Demonstrate that you can Find, Access, and Integrate additional data in order to fully address the motivating question.
SCENARIO
For the purposes of this exercise, let’s set the 2024 NHL draft order using the Tankathon Simulator. The NHL uses a lottery system in which the teams lowest in the standings have the highest odds of getting the first overall pick. This year the Canucks are at the top of the league, and positioned to have the 31st overall pick. According to the simulator, Calgary will pick at number 2 (which is very valuable!), and the Canuck’s pick at 31.
Here is the question:
Was the trade worth it? This trade has a high likelihood of becoming what we call a rental. Elias Lindholm is on an expiring contract, meaning Vancouver is guaranteed to hold his contract only through the end of the season. They might be able to extend him, but that depends on the salary cap.
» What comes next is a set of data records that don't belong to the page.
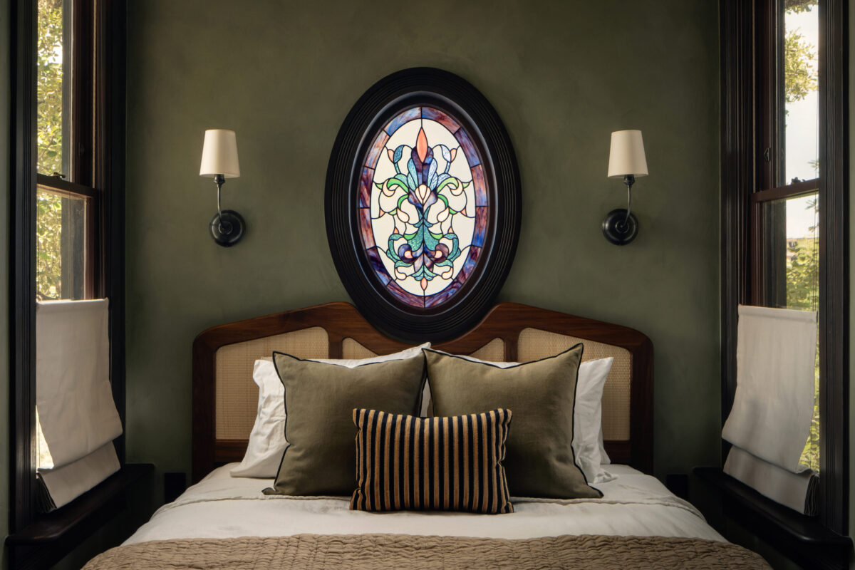 The new volume bridges the original parlors and bedrooms to an open-concept living area grounded in Texas Lueders stone and white oak, while a grand curvilinear staircase — fabricated by Drophouse Design — stitches the floors together. Throughout, there are playful patterns, rich textiles and ambient lighting for spaces that feel both intimate and moody, as well as airy and expansive. Its crown jewel, the rooftop widow’s walk, is a quiet perch to reflect on the ever-evolving city below.
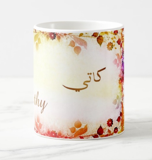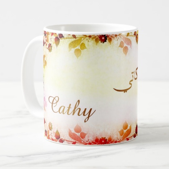 Mug avec le prénom Cathy calligraphié en arabe ainsi que son écriture normale en arabe (كاتي) et en français.
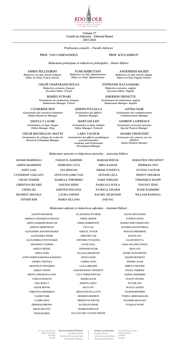 The Ottawa Law Review is thankful for the guidance and assistance provided by our faculty advisors Professors Kyle Kirkup and Yan Campagnolo.
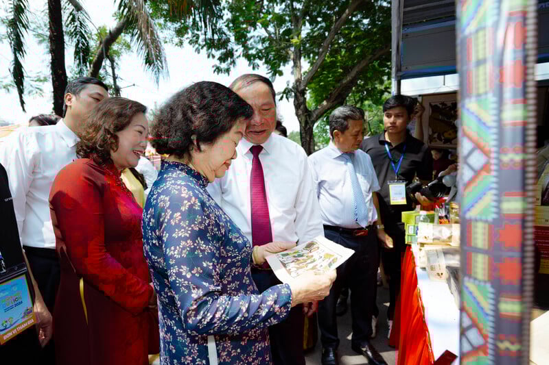 Bộ trưởng Bộ Văn hóa, Thể Thao và Du lịch Nguyễn Văn Hùng (thứ 2 từ trái qua), nguyên Phó Chủ tịch nước Trương Mỹ Hoa, cùng các đại biểu tham quan gian hàng trong ngày hội. Ảnh: Minh Khuê.
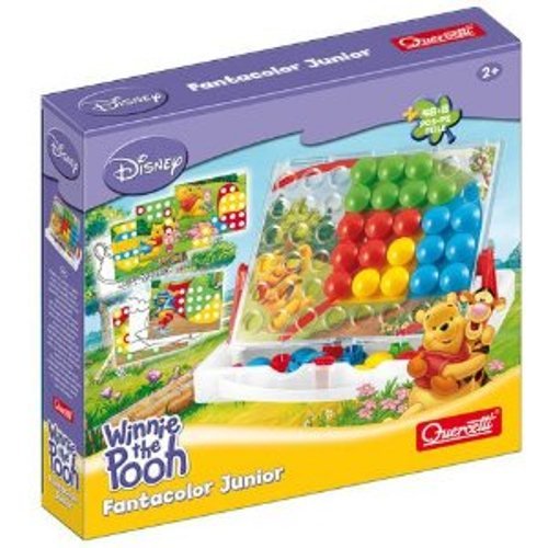 schönes und edles Kleinkindspielzeug von Quercetti, das Steckspiel kommt mit richtig großen Knöpfen und 16 Vorlagen die vom Kind gesteckt werden können mit den beliebten Figuren von Winnie Pooh
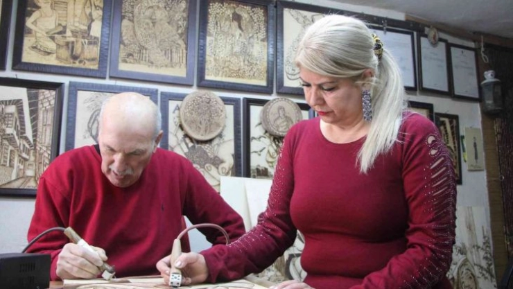 Hatay’da hobi olarak başladıkları yakma resim sanatı sayesinde tanışıp evlenen ve zamanla işlerinde ustalaşan Zeynep-Naim Gülbol çifti, eserlerinde hem aşklarını hem memleketlerini ahşabın üzerine milim milim işliyor.
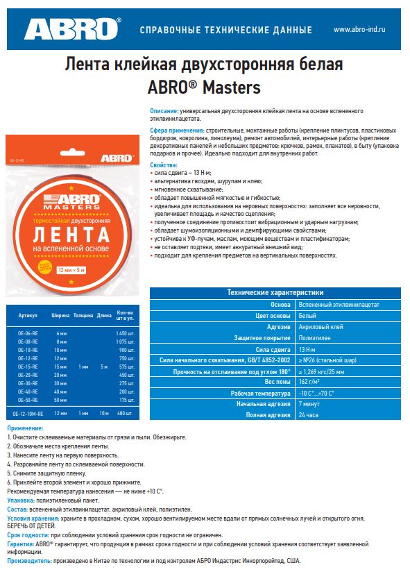 Описание: универсальная двухсторонняя клейкая лента на основе вспененного этилвинилацетата. Сфера применения:  строительные, монтажные работы (крепление плинтусов, пластиковых бордюров, ковролина, линолеума), ремонт автомобилей, интерьерные работы (крепление декоративных панелей и небольших предметов: крючков, рамок, плакатов), в быту (упаковка подарков и прочее). Идеально подходит для внутренних работ. Свойства:  • прочность на отслаивание – 1,269 кгс/25мм; • альтернатива гвоздям, шурупам и клею; • обладает повышенной мягкостью и гибкостью; • идеальна для использования на неровных поверхностях: заполняет все неровности, увеличивает площадь и качество сцепления; • мгновенное схватывание; • полученное соединение противостоит вибрационным и ударным нагрузкам; • обладает шумоизоляционными и демпфирующими свойствами; • устойчива к УФ-лучам, маслам, моющим веществам и пластификаторам; • рабочая температура: от -10 до +70°С; • не оставляет подтеки, имеет аккуратный внешний вид; • подходит для крепления предметов на вертикальных поверхностях. Применение: 1. Очистите склеиваемые материалы от грязи и пыли. Обезжирьте. 2. Обозначьте места крепления ленты. 3. Нанесите ленту на первую поверхность. 4. Разровняйте ленту по склеиваемой поверхности. 5. Снимите защитную пленку. 6. Приклейте второй элемент и хорошо прижмите. Рекомендуемая температура нанесения — не ниже +10°С. Состав: вспененный этилвинилацетат, акриловый клей, полиэтилен.
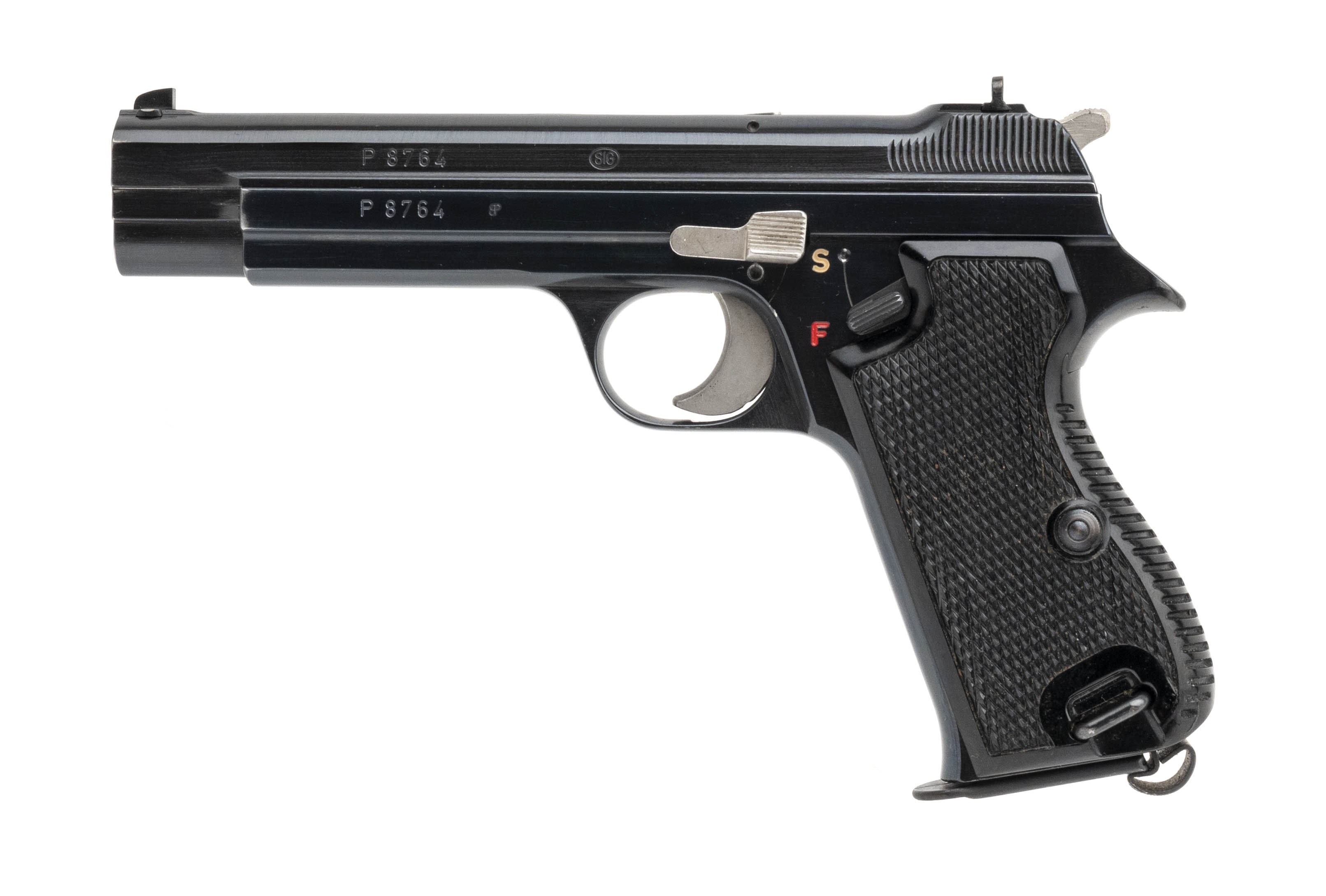 SN: P8764. 1950's vintage 9mm with a 4.7" barrel. Bore is excellent. Rare Police model pistol with loaded chamber indicator. Has 98% original finish. The grips are excellent. A very rare SIG P210 pistol. (CONSIGNMENT)
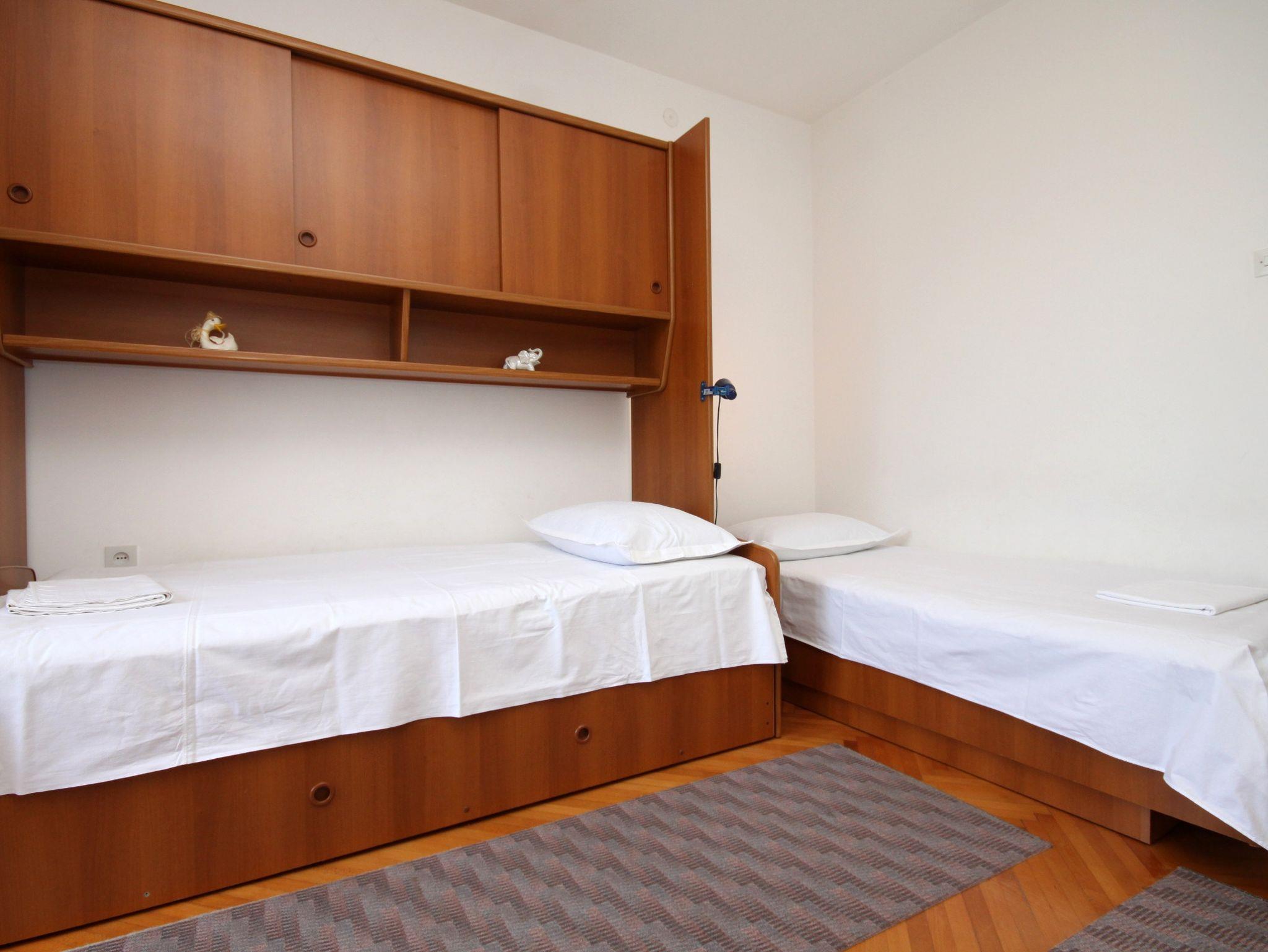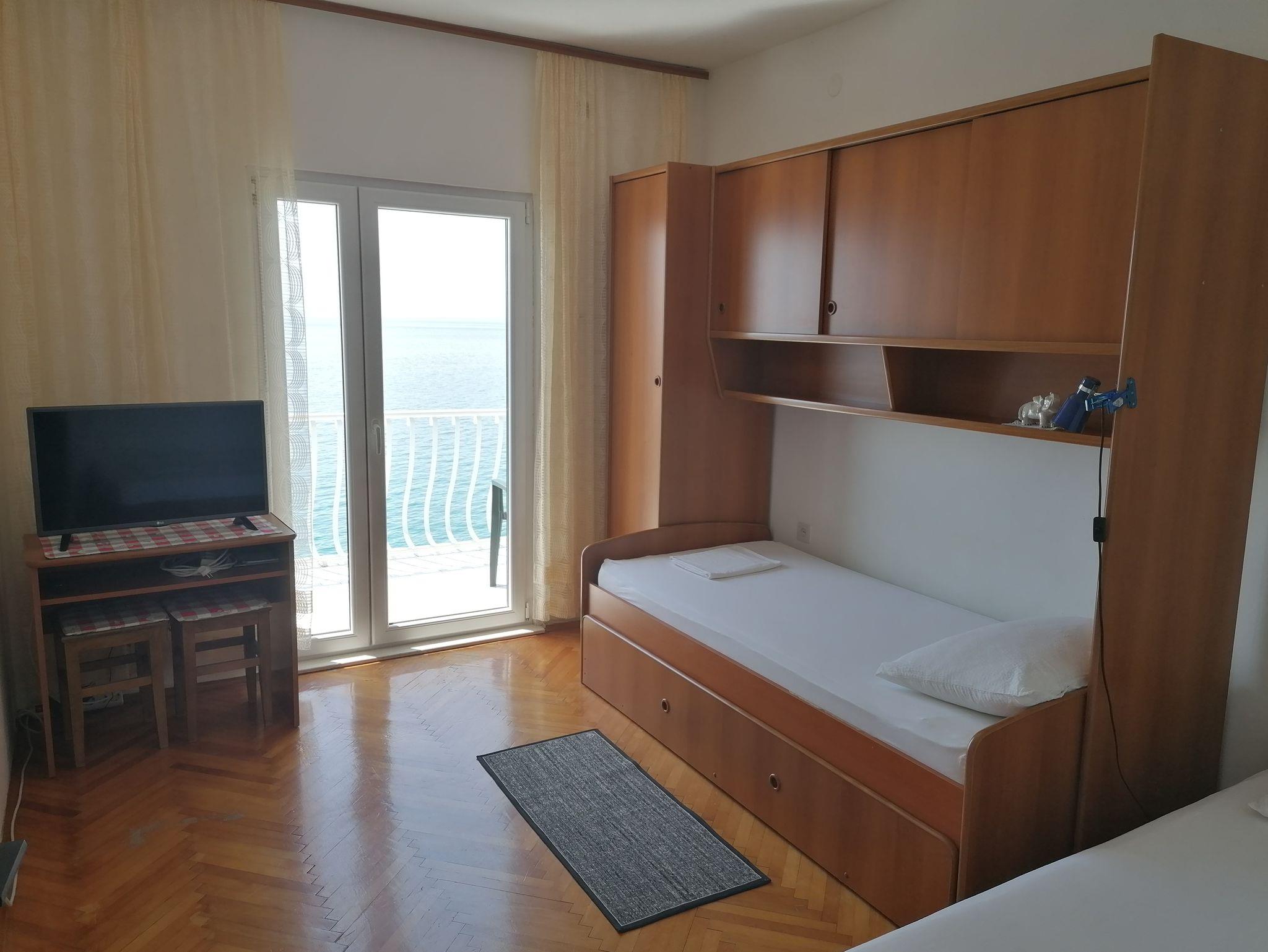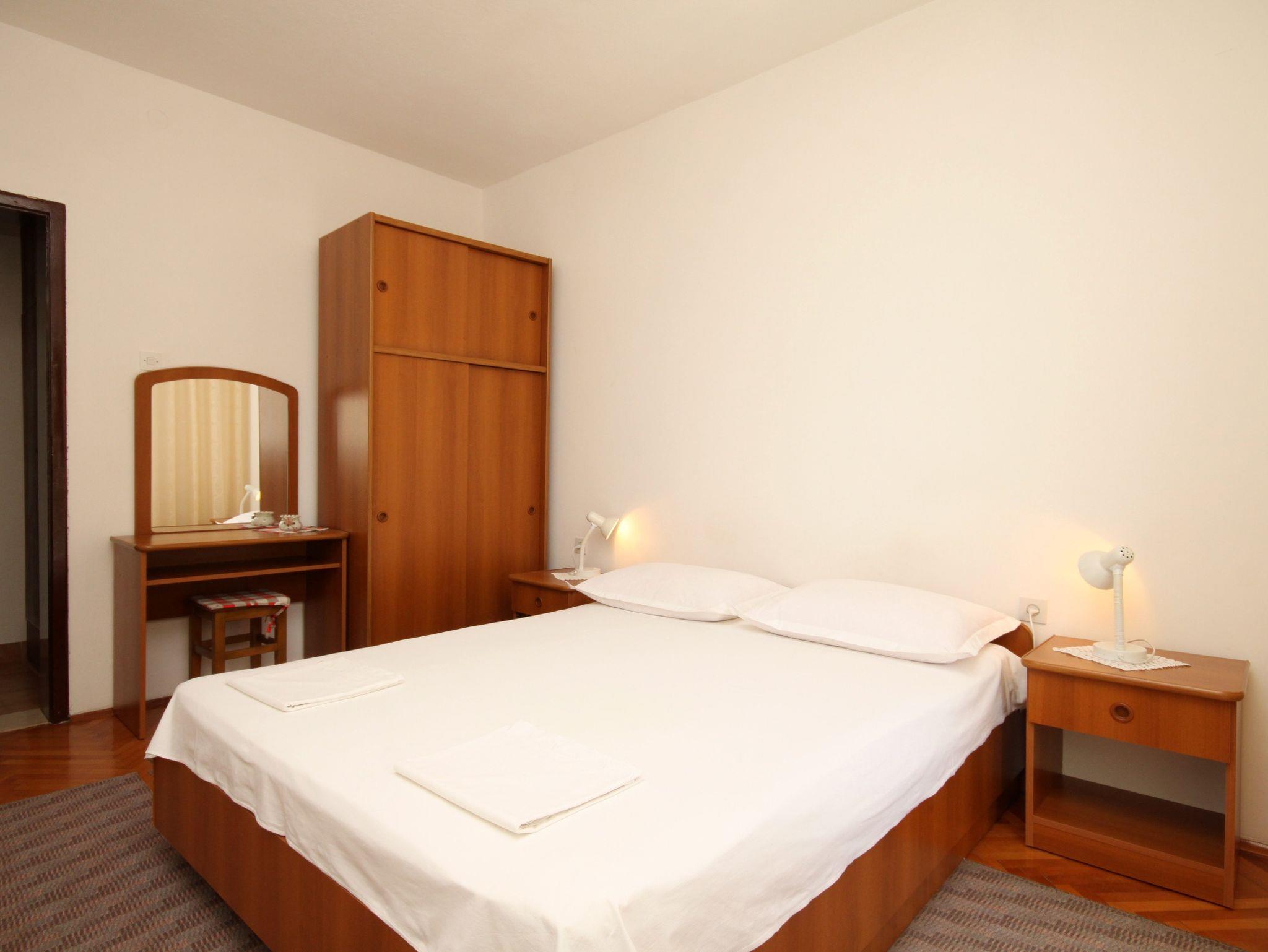 Ferienwohnung bietet Platz für 4 Gäste. Die Betten sind in Schlafzimmern, die es 2 gibt, innerhalb einer Gesamtfläche von 42m2, angeordnet. Die Gäste haben einen eigenen Balkon zur Verfügung, auf der sie in warmen Sommernächten genießen können. Das Apartment bietet Meerblick. Es ist erlaubt, Speisen auf dem Gemeinschafts-Grill vorzubereiten. IM PREIS INBEGRIFFEN: Kurtaxe, Endreinigung, Klimatisierung, Parkplatz, Internet. VERBINDLICHE ZUSÄTZLICHE KOSTEN: Aufzahlung für Kurzaufenthalte (prozentualer Zuschlag pro Nächtigungsanzahl: 30% - 1, 20% - 2, 10% - 3). Die Verfügbarkeit zusätzlicher Dienstleistungen in Ihrem reservierten Termin und die Preise derselben (falls nicht aufgeführt) müssen im Voraus überprüft werden. Zusätzliche Dienstleistungen die in der Zahlungsaufforderung nicht aufgeführt sind werden direkt beim Vermieter bezahlt, angenommen der Gast nutzt auch diese. Ermäßigung auf den Grundpreis: Gratistag 14=13 (bei einem Aufenthalt von 14 Tagen oder mehr erhalten Sie einen Gratistag für den Aufenthalt bis 31.12.26).

Meanwhile, Calgary can draft a player at position 31, who may or may not turn out to be of equal or greater value than Lindholm.
Was the trade worth it? Did Vancouver or Calgary “win” the trade?
Can we make some visualizations that help us answer this question?
THE DATA
How can we evaluate whether trading a first round pick for a rental player is a good idea? One approach is to look at the historical performance of players from various draft positions.
Calendar year in which the player was drafted into the NHL.
name
Item
Full name of the player.
round
Ordinal
Round in which the player was drafted (1 to 7).
overall
Ordinal
Overall draft position of the player (1 to 224)
pickinRound
Ordinal
Position in which the player was drafted in their round (1 to 32).
height
Quantitative
Player height in inches.
weight
Quantitative
Player weight in pounds.
position
Categorical
Player position (Forward, Defense, Goaltender)
playerId
Item
Unique ID (key) assigned to each player.
postdraft
Ordinal
Number of seasons since being drafted (0 to 20).
NHLgames
Quantitative
Number of games played in the NHL in that particular season (regular season is 82 games, playoffs are up to 28 more).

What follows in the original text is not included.